FREDERICK POLLACK is the author of two book-length narrative poems, The Adventure and Happiness, both published by Story Line Press. He is an adjunct professor in creative writing at George Washington University.

DEREK POLLARD is co-author with Derek Henderson of the book Inconsequentia (BlazeVOX). His poems, creative non-fiction, and reviews appear in American Book Review, Colorado Review, Court Green, Diagram III, H_ngm_n, Pleiades, and Six-Word Memoirs on Love & Heartbreak, among numerous other anthologies and journals. He is Assistant Editor at Barrow Street, Inc.; a Black Mountain Institute Fellow at the University of Nevada, Las Vegas; and is on faculty at Pratt Institute and at the Downtown Writer’s Center in Syracuse, New York.

MARY QUADE's poems and essays have appeared most recently or are forthcoming in West Branch, The Cincinnati Review, Crab Orchard Review, Smartish Pace, Flyway, Grist, Fifth Wednesday Journal, Hayden's Ferry Review, and Devil's Lake.

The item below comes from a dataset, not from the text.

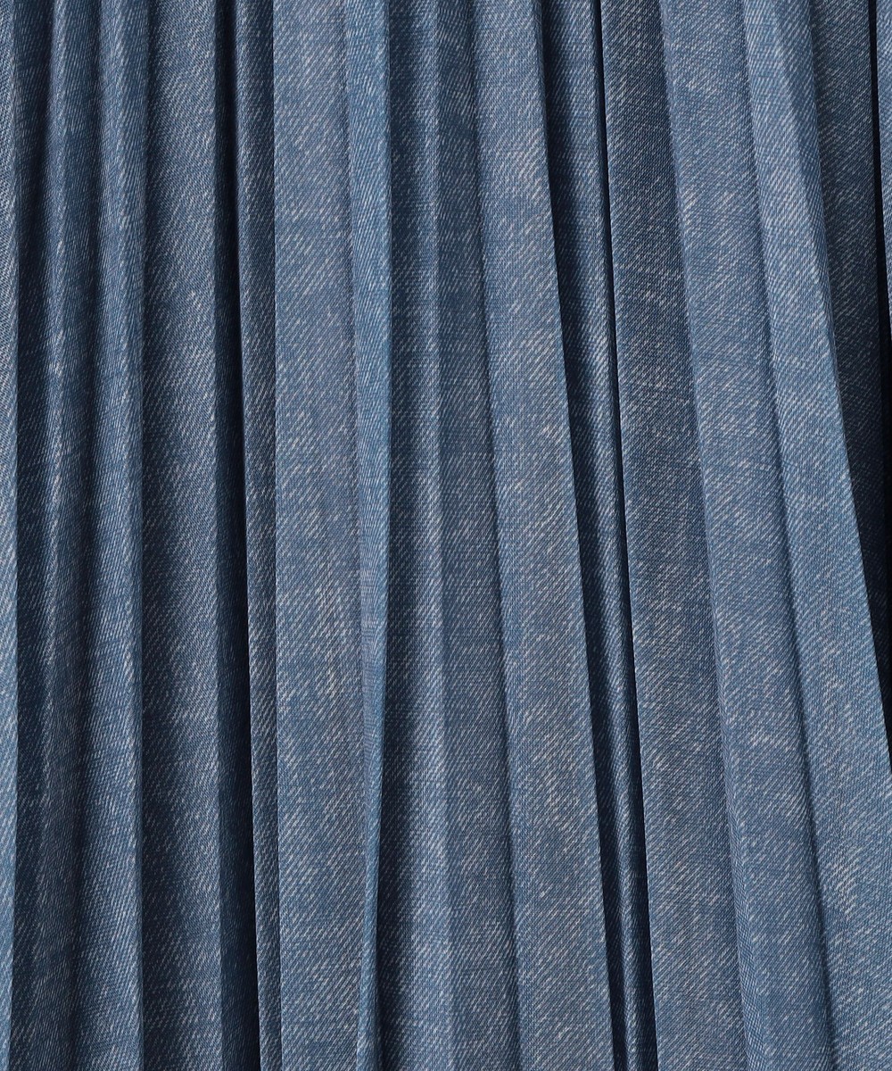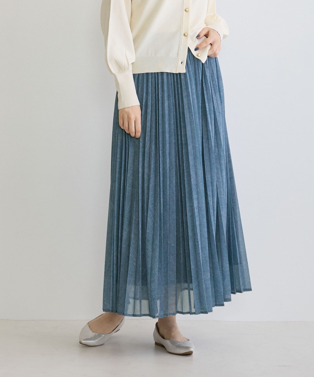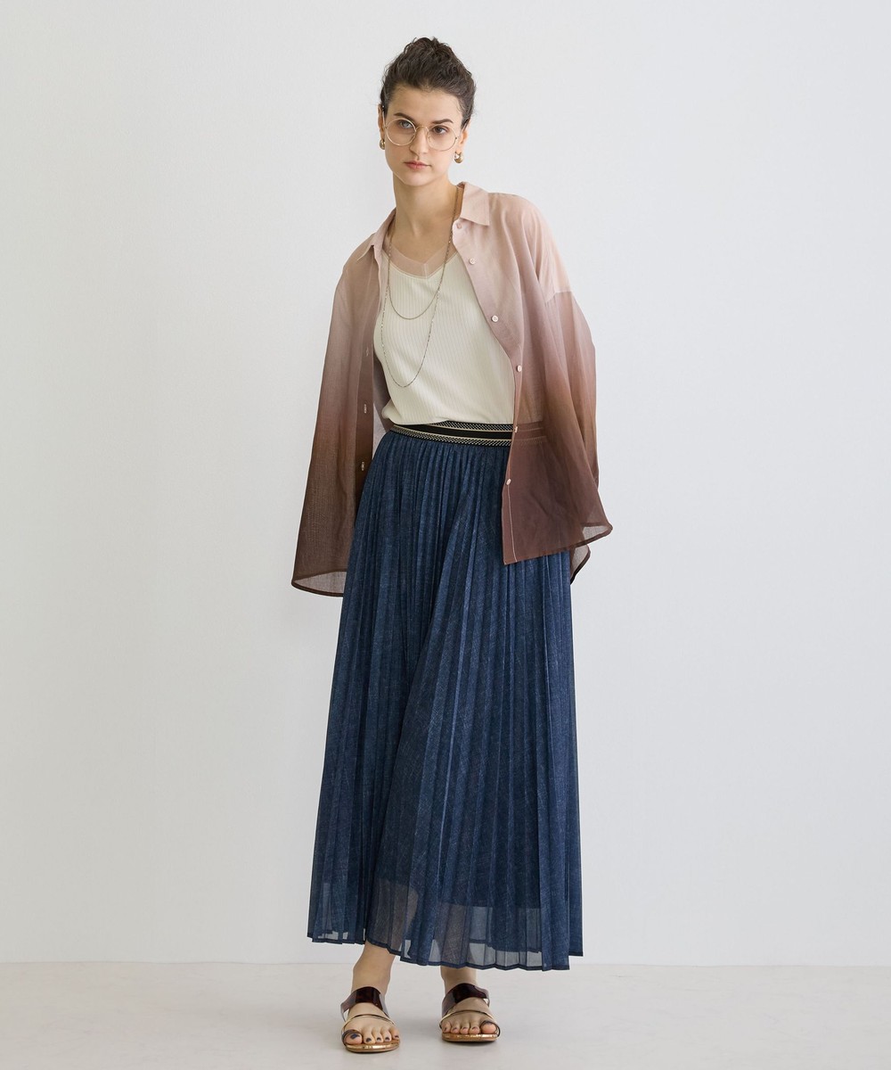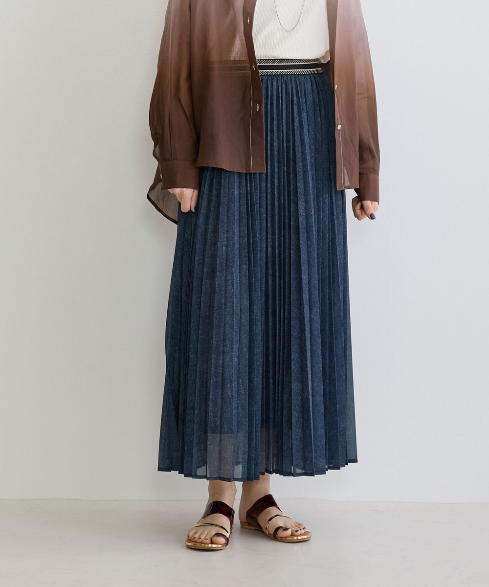 シアー感ある素材はデニム調でカジュアルダウン。ふんわりと揺れるプリーツ感が◎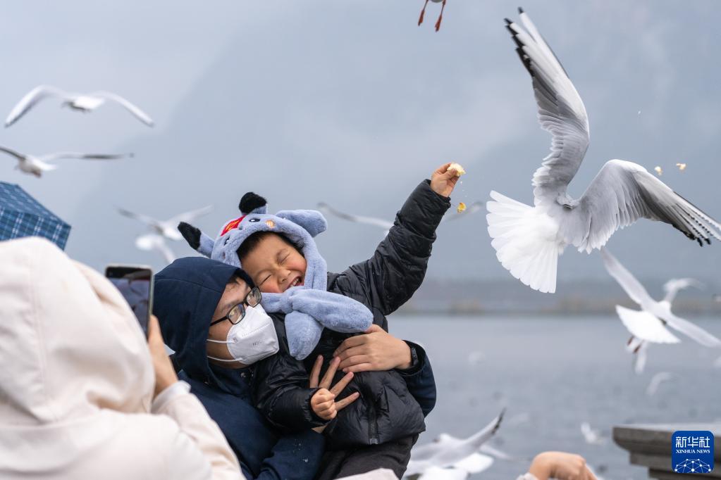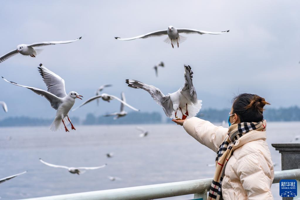 1月1日,游客在云南昆明滇池海埂大壩投喂紅嘴鷗。

Her Guide to Native Beasts was published by Cleveland State Unversity Poetry Center. She teaches creative writing at Hiram College.

MAGGIE ROSENAU is currently at work on a translation of prose by Liane Dirks, and an artistic project concerning German diaspora and pre-war Ukraine. Her poetry has appeared in Persephonyx, a German literary magazine.

RICHARD SONNENMOSER recently published fiction and poetry in Harvard Review, West Branch, Crab Orchard Review, Permafrost, and Quarter After Eight. He teaches at Northwest Missouri State University, where he is also co-editor of The Laurel Review.

BRETT STRICKLAND's work has appeared or is forthcoming in The Southeast Review, Cold Mountain Review, Rock & Sling, Arsenic Lobster, and Jacket. He is finishing a graduate degree in Education at the University of Toledo.

JEFFREY TAYLOR received degrees from the University of Utah and the University of Massachusetts.
He lives in Jamaica Plain, MA.

K. A. WISNIEWSKI is editor of The Comedy of Dave Chappelle: Critical Essays (2009). His critical and creative work has appeared in a number of journals and anthologies, most recently in The
Chariton Review
, Bluestem, The Maryland Historical Magazine, The Chiron Review, CAIRN, and the Sierra Nevada Review. He teaches Public History at Stevenson University in Baltimore, MD.

KIRBY WRIGHT was born and raised in Honolulu, Hawaii. He is a graduate of Punahou School in Honolulu and the University of California at San Diego. He received his MFA in Creative Writing from San Francisco State University. Wright has been nominated for two Pushcart Prizes and is a past recipient of the Ann Fields Poetry Prize, the Academy of American Poets Award, the Browning Society Award for Dramatic Monologue, and Arts Council Silicon Valley Fellowships in Poetry and the Novel. Before the City, his first book of poetry, took first place at the 2003 San Diego Book Awards. Wright is also the author of the companion novels Punahou Blues and Moloka'i Nui Ahina, both set in Hawaii. He was a Visiting Fellow at the 2009 International Writers Conference in Hong Kong, where he represented the Pacific Rim region of Hawaii. He was also the 2011 Artist in Residence at Milkwood International, Czech Republic.

RYO YAMAGUCHI’s poems have appeared recently in such magazines as American Letters & Commentary, Birmingham Poetry Review, and Washington Square, among others. He works and lives in Chicago. Please visit him at plotsandoaths.com.